Wadi Finan Art Gallery
A relative newcomer to the Amman art scene, Wadi Finan Art Gallery has established itself as a contemporary cultural heavyweight, featuring works by Egyptian, Syrian, Palestinian and Jordanian artists. Conveniently situated near the famous Rainbow St in Jebel Amman, the gallery offers two locations: a permanent collection hall on Yousef Asfour St and an exhibition hall just across the road in a restored historical residence. Wadi Finan showcases multimedia works in addition to paintings, but its unique draw in the Amman art landscape is the focus on special projects and community collaborations, such as art therapy workshops for refugees. The permanent collection hall features Elysian, an exhibit by the renowned Jordanian sculptor Katia Al Tal that brings to life the artist’s vision of the 3Cs (clay, calligraphy and creativity), in which she designs clay pieces that use elements of traditional calligraphy in an original, creative way. In the exhibition hall, a massive installation by multimedia artist Raya Kassesieh called Amalgamate takes cues from the contemporary Japanese artist Yayoi Kusama in its mirrored room of hanging ceramics, byproducts of art therapy sessions for local adults with special needs. The installation gives new purpose to the multicoloured pieces as it explores the unifying power of art to heal viewers and creators alike.
Nabad Art Gallery
Located mere steps from Wadi Finan in Jebel Amman, a historically elite neighbourhood where majestic villas line the quiet streets, Nabad Art Gallery is a beautiful contemporary art space with a cosy, orange-tree-laden courtyard and a multiroom exhibition area housed in a particularly grand 1930s residence. The gallery is worth exploring for its annual ‘Trendsetting’ exhibition series that focuses on the art of design, with conceptual pieces created specifically for the show by local artists, interior designers and architects.
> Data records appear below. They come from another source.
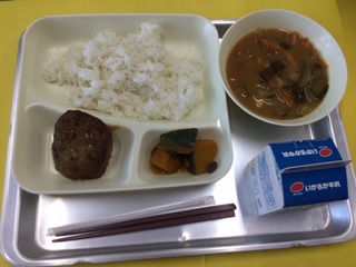 今日の給食は 和風ハンバーグ みそ汁 かぼちゃのいとこ煮 ごはん 牛乳 の献立でした。いとこ煮は、小豆と根菜類を甘しょっぱく煮た料理でお祝い事で出されることも多いそうです。かぼちゃと小豆のほっくりとした食感と甘味が秋を感じさせました。
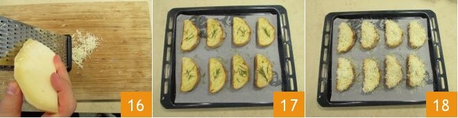 Entre-temps, râpez le caciocavallo 16 et dès que les croûtons sont légèrement dorés 17, utilisez-le pour les recouvrir 18. Remettez au four pour 2-3 minutes supplémentaires,
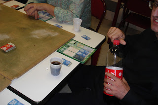 Afin d'oublier le danger, nous avons tous (sauf Thierry et Daniel qui sont restés au jus de pommes, c'est peut-être la raison pour laquelle ces derniers sont restés en vol plus longtemps que leurs comparses) cédé à la tentation du Madiran ou du Muscadet, tout en partageant, saucisson, chorizzo, paté en croûte, tomates cerises et autres chips. Ces moments de convivialité, dont notre association Histoire de plomb a le secret, permettent périodiquement d'échanger sur tous les thèmes, au-delà du seul jeu.
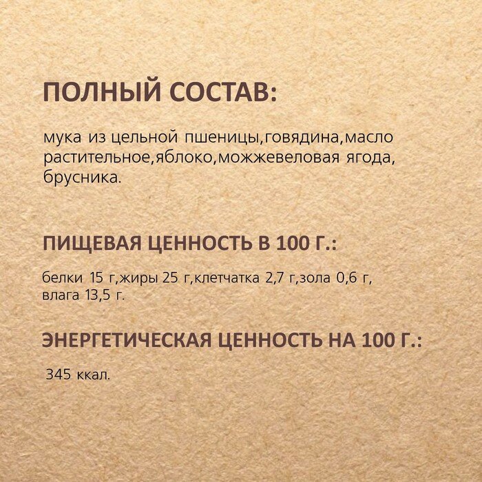 | Плюсы: | Удобная форма печенья, собака обожает их. В составе злаки, мясо говядины, ягоды. |
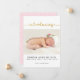 Introducing your new baby, featuring elegant display text that says "Introducing" in hand lettering and calligraphy elegant style font. The baby picture is horizontal or landscape orientation. The other side is pink with white polka dots, suitable for baby girls. Beautiful and elegant baby announcement.
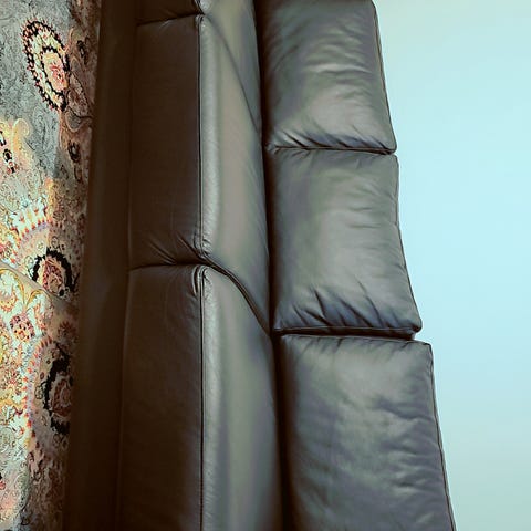 Mukaan saa vaalean nahan puhdistusaine paketin, jolla puhdistettu sohvaa muutaman kerran.
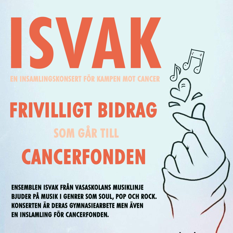 Ensemblen ISVAK från Vasaskolans musiklinje har satt ihop en insamlingskonsert, de insamlade pengarna går till Cancerfonden och kampen mot cancer. Konserten är deras gymnasiearbete och äger rum den 10:e maj på Musikhuset i Gävle.
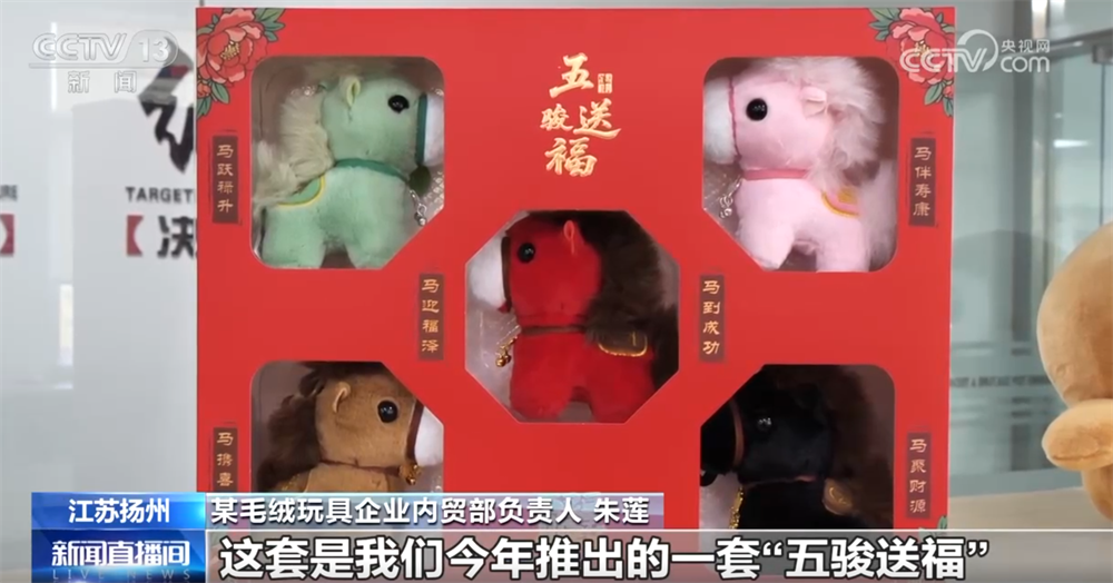 江苏扬州某毛绒玩具企业内贸部负责人朱莲:这套是我们今年推出的“五骏送福”,五色小马寓意“福、禄、寿、喜、财”。年前已经接到20万套订单,目前正在加班加点赶制,春节前交付。
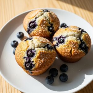 Light, fluffy muffins bursting with juicy blueberries.
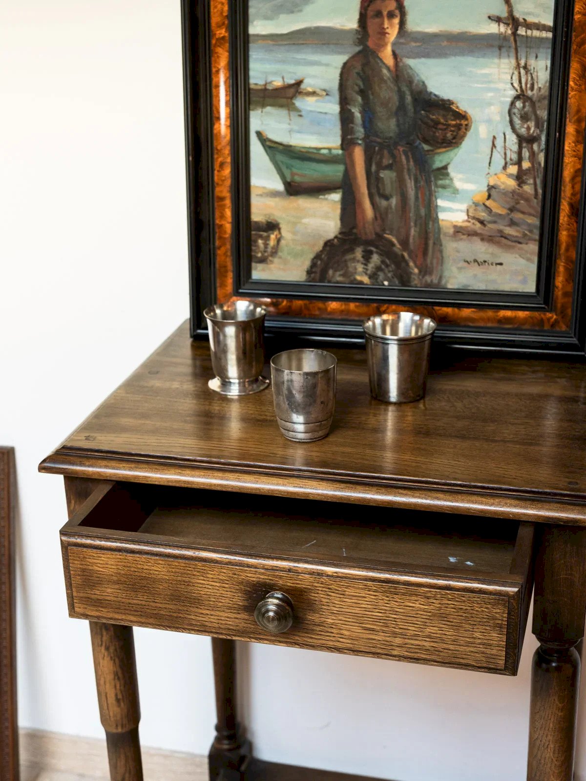 Add a touch of elegance to your home with this refined design side table. Featuring a large brass handle, it combines aesthetics and practicality, making it easy to move as needed. Perfectly suited to all styles of decor, this table can serve as both a support for your books and an auxiliary piece for your drinks. Handmade with quality materials, it is the ideal companion for your living room or bedroom. Online exclusive, the meeting will take place at your home! Length: 54 cm Width: 44 cm Height: 75 cm Condition: Used: Item that has been used. Item shows some superficial signs of wear... Used: Item that has been used. Item shows some superficial signs of wear, fully operational and working correctly. It may be a display model or an item returned to the store after a short period of use. Any imperfections. Brand: Debongout Type: Thrifted product Material: Wood Style: Country Custom: Side tables
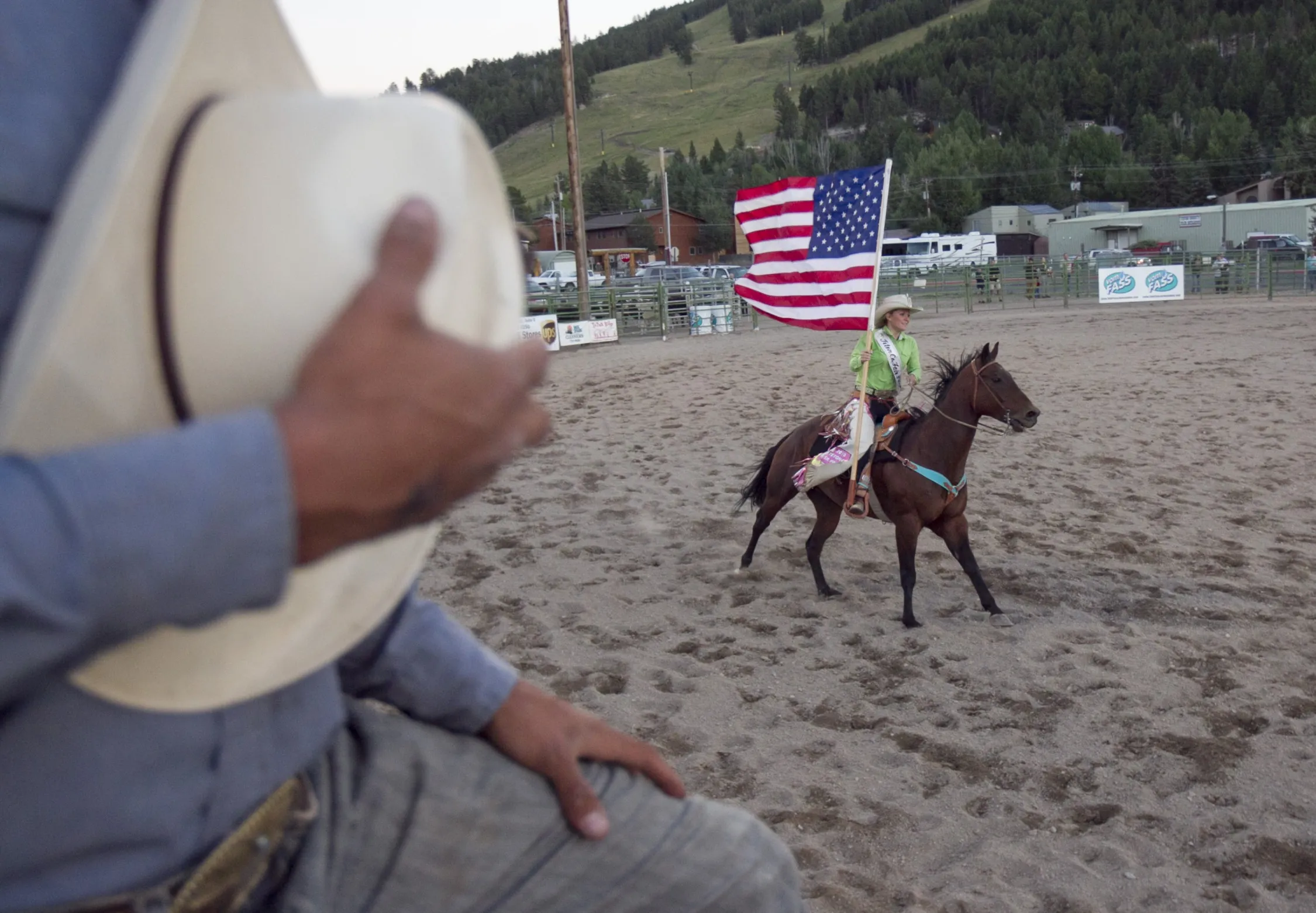 一位女牛仔在美国怀俄明州杰克逊霍尔的牛仔竞技表演中,国歌奏响时骑着马挥舞着美国国旗。
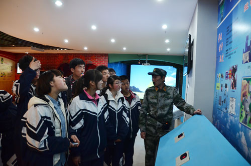 豐縣中學學生聆聽人防館解說員講解防空防災知識
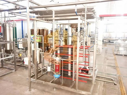 隨著啤酒行業(yè)規(guī)模不斷擴大,技術水平不斷提高,啤酒品種不斷增多,原料、能源、運輸?shù)葍r格不斷膨脹。應對市場,必須節(jié)能降耗,降低生產成本。在提高產品質量過程中,啤酒的生物穩(wěn)定性與巴式滅菌的溫度有很大的關系。我公司在吸收消化國外先進的啤酒殺菌技術基礎上研制生產了瞬時殺菌裝置。采用高效的板式換熱器實現(xiàn)啤酒與熱水的換熱,使啤酒瞬間加溫并經過恒溫殺菌后再經過冷媒介質降至原有溫度。通過瞬間加溫、保溫和降溫的過程使啤酒完成巴氏殺菌,達到殺菌25pu值,并可使啤酒中的CO2含量和啤酒口味風味保持不變。
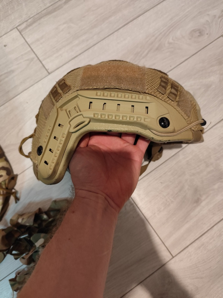 Mam na prodej helmu Aholdtech (z aliexpress), nabizeny tam jako balisticky. Je to kopie OPS CORE FAST, rozmer XL na hlavu 59-62cm ultra high cut. Polstarky typu Team Wendy. Barva TAN/piskova, ma potah v cinskym Multicam a tasku na transport. Stav BDB, barva je trochu odrena na hranach. dobre funguje z originalnimi uchytami Wilcox nebo Norotos, nemaji vule. Vsechny upinky cele. ma pridane nejake dalsi polstarki co jsem z nim pouzival. Prodavam jako helma pro airsoft, netusim jakou ma balistickou odolnost. Cena: 4000czk
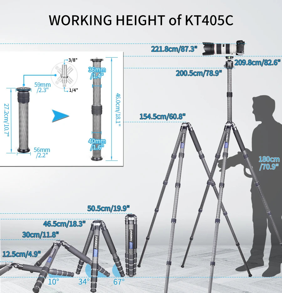 【2-Section Adjustable Center Column】Come with an external 2-section adjustable central column, you can get an extra height of 43.0cm/46.0cm, which can meet most photographer's need of shooting heights.
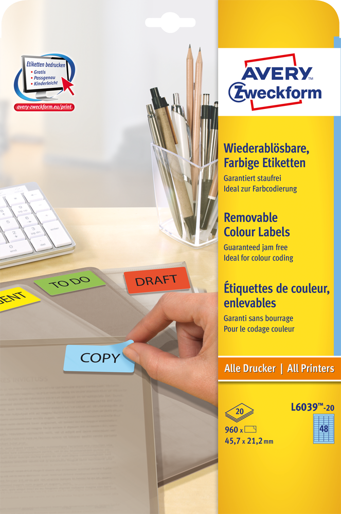 Farbige Etiketten von Avery Zweckform helfen Ihnen dabei den Überblick über Ihre Unterlagen zu behalten. Erstellen Sie mit den Aufklebern eine einheitliche Farbcodierung. So finden Sie und Ihre Kollegen sofort die gesuchten Unterlagen. Die blauen, wiederablösbaren Etiketten im Format 45,7 x 21,2 mm lassen sich mit allen gängigen Druckern und Kopierern bedrucken. Perfekt für temporäre Beschriftungen geeignet. Dank der kostenlosen Avery Zweckform Vorlagen und Software-Lösungen können Sie die farbigen Etiketten schnell und einfach gestalten und drucken!
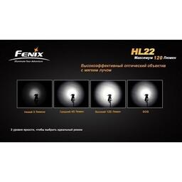 Модернізований мініатюрний налобний ліхтар Fenix HL22 на базі світлодіода XP-E R4 зі світловим потоком в 120 люмен. Легкий в усіх відношеннях, невибагливий і продуктивний освітлювальний прилад, що працює на 1 АА батареї до 55 годин. Управління в цілому максимально спрощено і гранично комфортно. Всі операції проводяться за допомогою однієї функціональної кнопки, а можливість голови нахилятися на 60 ° щодо кріплення дозволяє максимально точно відрегулювати область освітлення під свої потреби. У моделі реалізована зручна триступенева градація яскравості: High (120 люмен), Mid (45 люмен), Low (3 люмен); також присутній режим подачі сигналу SOS. Особливості • Світлодіод: XP-E R4 • Діяльність променя: 90 м • Відбивач: гладкий • Водонепроникність: IPX-6 • Режим SOS • 3 режими яскравості Характеристики • Світлодіод Cree XP-E (R4) • Серія HP • Світловий потік, лм 120 • Діяльність, м 90 • Елементи живлення AA • Режими яскравості 3 • Вага, г 44,6 • Водонепроникність IPX-6 • Матеріал корпусу пластик, авіаційний алюміній • Тип налобний • Призначення для полювання, для риболовлі, туристичний, для велосипедистів
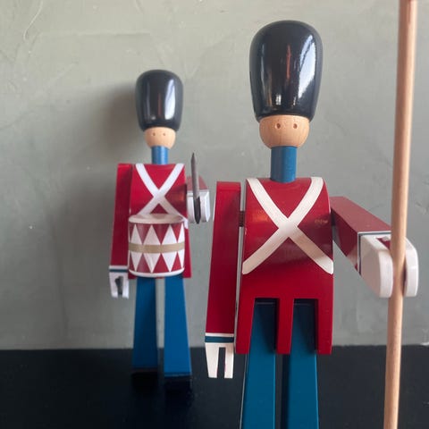 Kay Bojesen Postmand og Garder træfigurer i rød og blå farve. Figurenes beklædning er detaljeret med hhv. postmandens uniform og garderens uniform med hvide kryds på brystet. Materialet er træ, og figurerne har en stiliseret og enkel formgivning. Disse figurer er gamle og med Kay Boysen aftryk ( på benet). De sælges enkeltvis til 500 kr. eller 800 kroner for begge to . Disse figurer er samler objekter.

The current show, now in its eighth edition, examines the crossover between the artist and the fashion designer with wearable pieces of art from Iraqi, Palestinian, Syrian, Lebanese and Jordanian artists.
Jacaranda Images is the only gallery in Amman dedicated solely to all things paper. This two-room exhibition space and art shop in Jebel Amman features a collection of contemporary Indigenous Australian art, providing a unique opportunity to compare two different desert cultures. Described by some visitors as a ‘funky’ gallery, Jacaranda Images carries an impressive compilation of print, photography, drawings, sketches, etchings and screenprints. Come here to pick up a Jordanian art souvenir on a budget or explore a different, and sometimes provocative, way to think about the world.
Orfali Art Center
Founded by the late Iraqi artist Inaam Orfali in 1993, Orfali has grown to be one of the leading galleries in Amman, displaying works by select Jordanian, Iraqi and other Arab artists. Tucked away in a quiet spot of the busy, commercial Um Uthaina neighbourhood, Orfali became more than an exhibition space when it opened a creation space next to the original gallery. With a vision to provide a gathering place for people to indulge their creativity, Orfali Art Center offers an impressive lineup of classes for adults and children ranging from drawing and painting to ceramics and sculpture making, all taught by Jordanian and Iraqi artists. There’s also an annual week-long summer camp for kids that hosts trips to local museums and a nearby farm. Regular book signings and musical evenings round out Orfali’s busy cultural schedule.